Excerpted records:
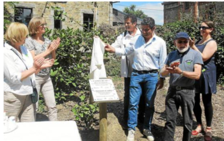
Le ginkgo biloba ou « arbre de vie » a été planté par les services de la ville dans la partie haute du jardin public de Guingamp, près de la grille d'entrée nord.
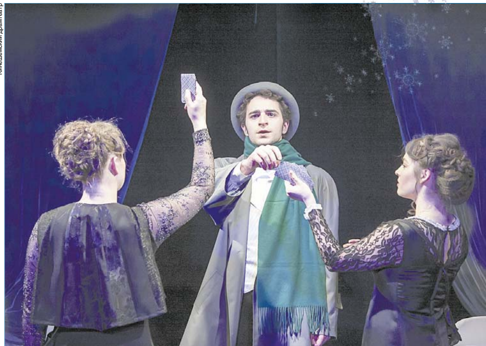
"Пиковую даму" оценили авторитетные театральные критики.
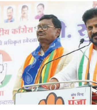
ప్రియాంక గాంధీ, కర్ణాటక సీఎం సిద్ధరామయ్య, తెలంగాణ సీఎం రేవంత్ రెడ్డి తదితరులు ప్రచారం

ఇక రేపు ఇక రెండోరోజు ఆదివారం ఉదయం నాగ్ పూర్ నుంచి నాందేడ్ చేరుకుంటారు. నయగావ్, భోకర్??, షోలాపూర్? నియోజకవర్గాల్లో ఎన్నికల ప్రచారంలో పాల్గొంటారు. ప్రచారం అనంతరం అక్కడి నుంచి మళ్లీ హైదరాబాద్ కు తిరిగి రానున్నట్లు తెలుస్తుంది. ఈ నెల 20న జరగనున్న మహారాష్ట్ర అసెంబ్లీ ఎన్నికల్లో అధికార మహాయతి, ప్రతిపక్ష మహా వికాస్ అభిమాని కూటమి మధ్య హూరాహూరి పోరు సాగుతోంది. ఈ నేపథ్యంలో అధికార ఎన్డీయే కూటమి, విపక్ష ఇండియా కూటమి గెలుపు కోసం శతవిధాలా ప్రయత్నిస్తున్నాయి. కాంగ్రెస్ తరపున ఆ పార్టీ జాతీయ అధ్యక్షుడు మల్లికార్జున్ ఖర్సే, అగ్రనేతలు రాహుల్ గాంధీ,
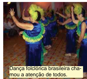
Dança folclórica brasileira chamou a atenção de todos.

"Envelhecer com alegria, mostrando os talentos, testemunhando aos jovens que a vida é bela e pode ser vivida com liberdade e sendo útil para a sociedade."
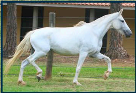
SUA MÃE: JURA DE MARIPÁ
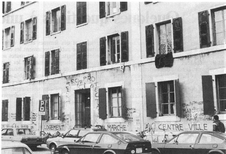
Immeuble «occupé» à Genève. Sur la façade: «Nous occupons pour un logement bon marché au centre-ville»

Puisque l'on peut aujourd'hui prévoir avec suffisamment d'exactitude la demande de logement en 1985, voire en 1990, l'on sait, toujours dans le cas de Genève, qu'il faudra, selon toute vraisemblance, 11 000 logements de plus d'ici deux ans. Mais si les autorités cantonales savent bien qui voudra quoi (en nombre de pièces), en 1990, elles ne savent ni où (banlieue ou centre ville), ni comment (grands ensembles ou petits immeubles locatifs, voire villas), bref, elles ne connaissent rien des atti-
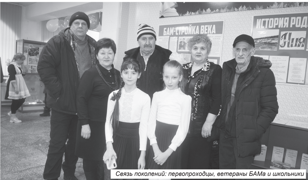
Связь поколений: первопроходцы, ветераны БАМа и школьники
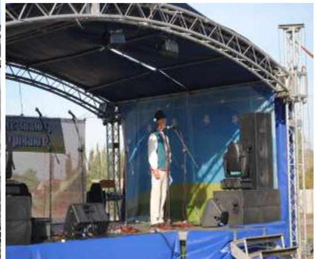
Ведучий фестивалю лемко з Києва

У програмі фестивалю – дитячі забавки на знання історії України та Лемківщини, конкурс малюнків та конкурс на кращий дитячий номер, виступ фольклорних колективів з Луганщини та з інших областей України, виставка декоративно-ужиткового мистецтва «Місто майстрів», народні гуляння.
...
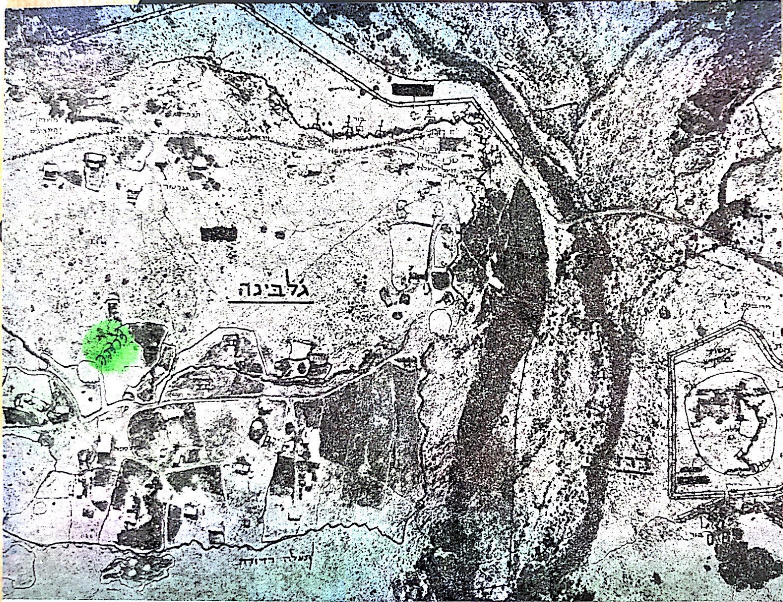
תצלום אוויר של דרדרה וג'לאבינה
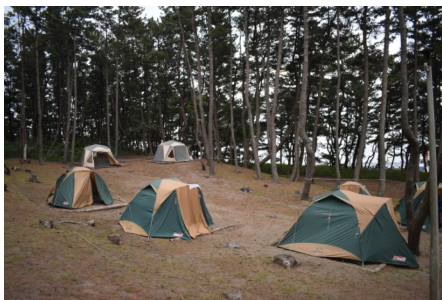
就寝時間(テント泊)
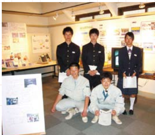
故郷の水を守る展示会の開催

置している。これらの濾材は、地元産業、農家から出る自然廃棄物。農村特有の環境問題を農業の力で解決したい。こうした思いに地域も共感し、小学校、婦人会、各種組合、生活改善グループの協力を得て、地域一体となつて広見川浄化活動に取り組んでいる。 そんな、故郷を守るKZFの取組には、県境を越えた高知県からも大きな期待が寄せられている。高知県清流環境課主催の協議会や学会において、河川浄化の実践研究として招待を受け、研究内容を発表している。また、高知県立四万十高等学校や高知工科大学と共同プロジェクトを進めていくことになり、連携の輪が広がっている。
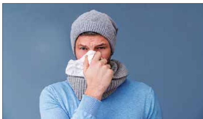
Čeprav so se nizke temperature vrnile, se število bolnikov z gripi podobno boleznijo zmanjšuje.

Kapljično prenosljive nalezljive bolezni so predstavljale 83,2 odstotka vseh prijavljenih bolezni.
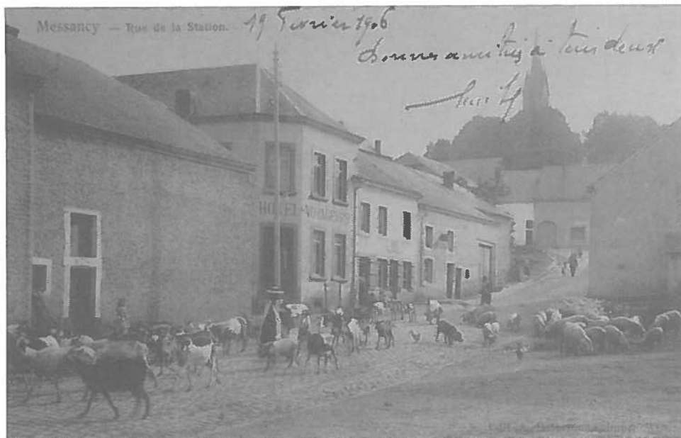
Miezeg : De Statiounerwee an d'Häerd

Exercise aim:
Copy only what lies between the line with "Связь поколений: первопроходцы, ветераны" and the line with "У програмі фестивалю", those two lines included, exactly as given above; pictures stay out.

Written response:
Связь поколений: первопроходцы, ветераны БАМа и школьники
Ведучий фестивалю лемко з Києва

У програмі фестивалю – дитячі забавки на знання історії України та Лемківщини, конкурс малюнків та конкурс на кращий дитячий номер, виступ фольклорних колективів з Луганщини та з інших областей України, виставка декоративно-ужиткового мистецтва «Місто майстрів», народні гуляння.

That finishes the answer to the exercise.